はじめ、彼女が僕を呼んでいるのだとは気づかなかった。昔、梛は兄貴のことを牙琉くんと呼んでいたから。


「ねえ牙琉くん」

「……え?」


彼女の顔は僕に向けられていた。どくんと胸が騒いだ。


「牙琉くん」


一歩彼女のほうへ踏み出すと、足の裏にガラスが幾つも刺さる。それでも構わなかった。梛が僕を呼んでいるという事実が、痛みを麻痺させる。


「……なんだい?」


伸ばした腕が彼女によって強くひかれる。僕はあまりのその強さによろめいて、ベッドに倒れ込んだ。梛が僕をじっとみつめる。


「牙琉くん、私が好き?」


え、と言葉が漏れる。
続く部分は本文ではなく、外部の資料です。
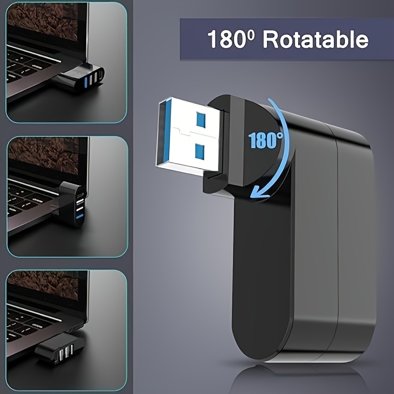 4-Port USB 3.0 Hub with 90 and 180 Degree Rotation for Laptops

彼女の目は僕を捉えているのだろうか。続く言葉を探す僕をしばらく見つめたあと、梛は僕にしがみついて、キスをした。そのまま僕の胸に身体を埋める。


「牙琉くん、わたしがすき?」


僕の服を掴む梛の肩がかすかに震えていた。所詮僕は、兄貴の代わりということだ。これから先、梛が僕を響也と呼ぶことはない。そして僕を牙琉響也と見ることもない。愛する人の中に僕は、はじめから存在しないのだ。僕は、ゆっくりと梛の肩を抱く。もうそれでも良いと思った。僕が牙琉霧人になってやる。牙琉響也を殺そう。それで、きみが救われるのなら。